Different types of erectile dysfunction treatment medications provide different results. For instance, one version delivers results for a longer time frame than other kinds of erectile dysfunction treatment drugs.

Another one works more rapidly than the others. In fact, men can take one medication 24 to 36 hours prior to participating in sexual activity. Also, the drug can work in as little as 30 minutes, but for most men, these kinds of erectile dysfunction treatments take a bit longer to cause an erection.

Most erectile dysfunction treatment drugs will not go into effect without the sufferer experiencing sexual stimulation. Phosphodiesterase inhibitors can also cause mild side effects like headaches, facial flushing and nasal congestion.

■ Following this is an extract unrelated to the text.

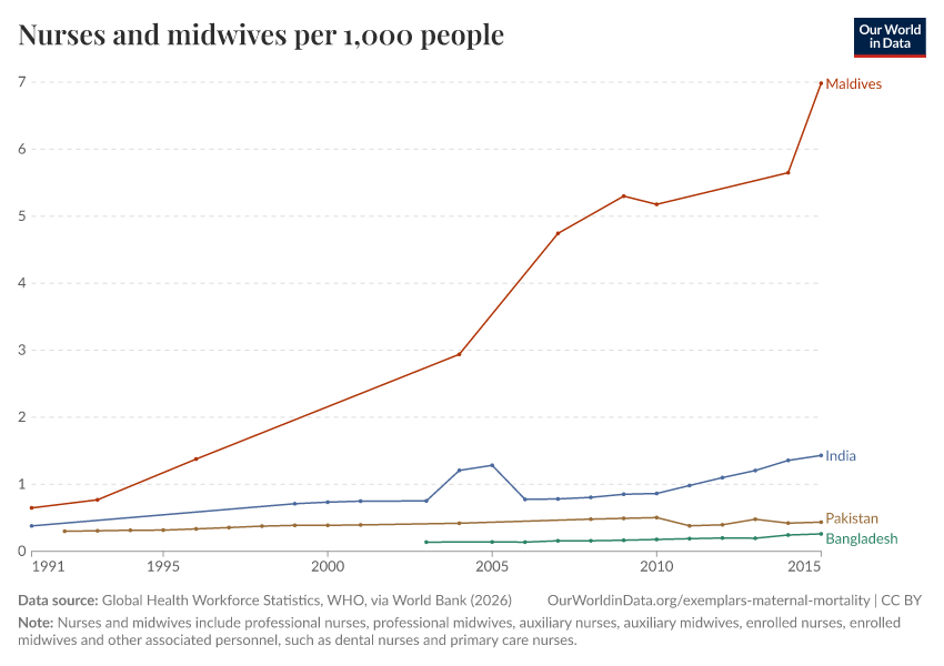 “Data Page: Nurses and midwives per 1,000 people”. Our World in Data (2026). Data adapted from Global Health Workforce Statistics, WHO, via World Bank. Retrieved from https://data-childlabor-ilounicef.owid.pages.dev:8789/20260304-094028/grapher/nurses-and-midwives-per-1000-people.html [online resource] (archived on March 4, 2026).How to cite this data

Indigestion, lower back pain and visual problems are additional side effects of these particular erectile dysfunction treatment drugs. Men may need an erectile dysfunction treatment at any time. Causes of the condition include emotional issues and fatigue along with relationship problems or alcohol consumption. Keep in mind that if the ailment continues for longer than several weeks or months, then a doctor will likely diagnose the problem as true erectile dysfunction and treatment will be required.

Men who maintain a healthy weight and exercise may be able to take advantage of the best erectile dysfunction treatment, which is prevention. Disclaimer : Any and all information, images and written material included on, which will hereafter be referred to as “Content” is to be used only for informational and educational purposes. Content is not intended to diagnose or treat any medical ailments or problems, and in no case should it ever take the place of proper and immediate medical attention.